Function | Description |
---|---|
damerau_levenshtein(s1, s2) |
Extension of Levenshtein distance to also include transposition of adjacent characters as an allowed edit operation. In other words, the minimum number of edit operations (insertions, deletions, substitutions or transpositions) required to change one string to another. Characters of different cases (e.g., a and A ) are considered different. |
editdist3(s1, s2) |
Alias for levenshtein . |
hamming(s1, s2) |
The Hamming distance between to strings, i.e., the number of positions with different characters for two strings of equal length. Strings must be of equal length. Characters of different cases (e.g., a and A ) are considered different. |
jaccard(s1, s2) |
The Jaccard similarity between two strings. Characters of different cases (e.g., a and A ) are considered different. Returns a number between 0 and 1. |
jaro_similarity(s1, s2[, score_cutoff]) |
The Jaro similarity between two strings. Characters of different cases (e.g., a and A ) are considered different. Returns a number between 0 and 1. For similarity < score_cutoff , 0 is returned instead. score_cutoff defaults to 0. |
jaro_winkler_similarity(s1, s2[, score_cutoff]) |
The Jaro-Winkler similarity between two strings. Characters of different cases (e.g., a and A ) are considered different. Returns a number between 0 and 1. For similarity < score_cutoff , 0 is returned instead. score_cutoff defaults to 0. |
levenshtein(s1, s2) |
The minimum number of single-character edits (insertions, deletions or substitutions) required to change one string to the other. Characters of different cases (e.g., a and A ) are considered different. |
mismatches(s1, s2) |
Alias for hamming . |
damerau_levenshtein(s1, s2)
Description | Extension of Levenshtein distance to also include transposition of adjacent characters as an allowed edit operation. In other words, the minimum number of edit operations (insertions, deletions, substitutions or transpositions) required to change one string to another. Characters of different cases (e.g., a and A ) are considered different. |
Example | damerau_levenshtein('duckdb', 'udckbd') |
Result | 2 |
hamming(s1, s2)
Description | The Hamming distance between to strings, i.e., the number of positions with different characters for two strings of equal length. Strings must be of equal length. Characters of different cases (e.g., a and A ) are considered different. |
Example | hamming('duck', 'luck') |
Result | 1 |
Alias | mismatches |
jaccard(s1, s2)
Description | The Jaccard similarity between two strings. Characters of different cases (e.g., a and A ) are considered different. Returns a number between 0 and 1. |
Example | jaccard('duck', 'luck') |
Result | 0.6 |
jaro_similarity(s1, s2[, score_cutoff])
Description | The Jaro similarity between two strings. Characters of different cases (e.g., a and A ) are considered different. Returns a number between 0 and 1. For similarity < score_cutoff , 0 is returned instead. score_cutoff defaults to 0. |
Example | jaro_similarity('duck', 'duckdb') |
Result | 0.8888888888888888 |
jaro_winkler_similarity(s1, s2[, score_cutoff])

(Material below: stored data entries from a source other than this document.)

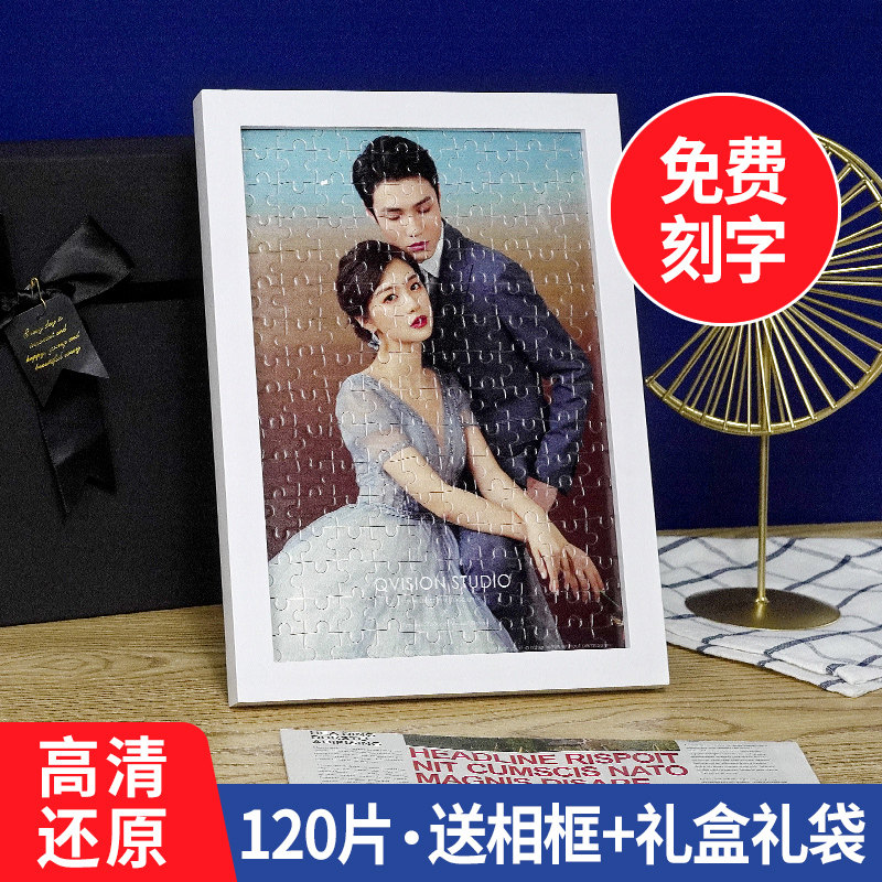 (puzzle) White Photo Frame Puzzle Gift Bag 120 Pieces (pieces) Log-colored Photo Frame Puzzle Puzzle Gift Bag 120 Pieces (spelling out scripts)Original Wood Photo Frame Puzzle Gift Bag 120
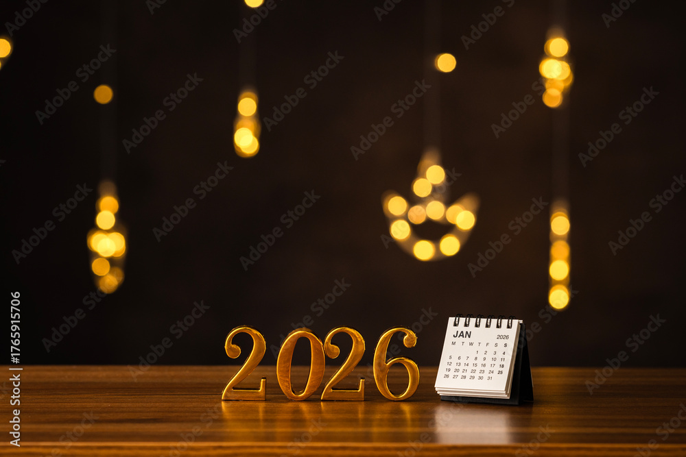 January 2026 calendar with 3D numbers and warm bokeh lights in the background, New year goal and special days concept image
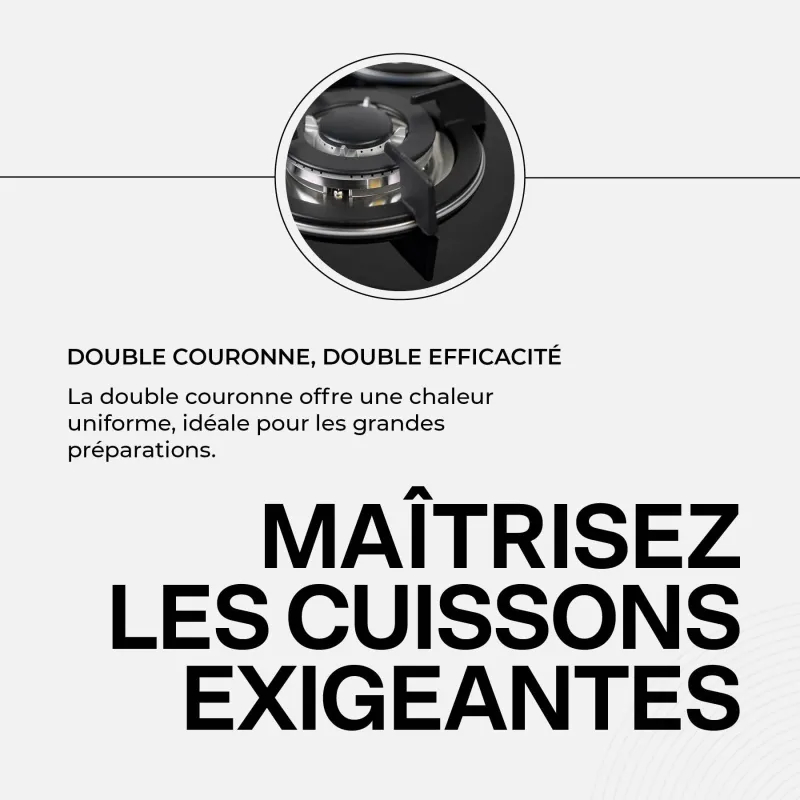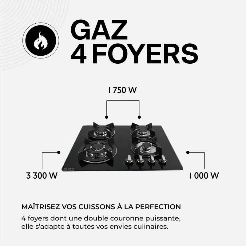 BELDEKO - Plaque de cuisson gaz - 4 Foyers - Double couronne - 7800W - encastrable - verre noir

Description | The Jaro-Winkler similarity between two strings. Characters of different cases (e.g., a and A ) are considered different. Returns a number between 0 and 1. For similarity < score_cutoff , 0 is returned instead. score_cutoff defaults to 0. |
Example | jaro_winkler_similarity('duck', 'duckdb') |
Result | 0.9333333333333333 |
levenshtein(s1, s2)
Description | The minimum number of single-character edits (insertions, deletions or substitutions) required to change one string to the other. Characters of different cases (e.g., a and A ) are considered different. |
Example | levenshtein('duck', 'db') |
Result | 3 |
Alias | editdist3 |
Formatters
fmt
Syntax
The format(format, parameters...)
function formats strings, loosely following the syntax of the {fmt} open-source formatting library.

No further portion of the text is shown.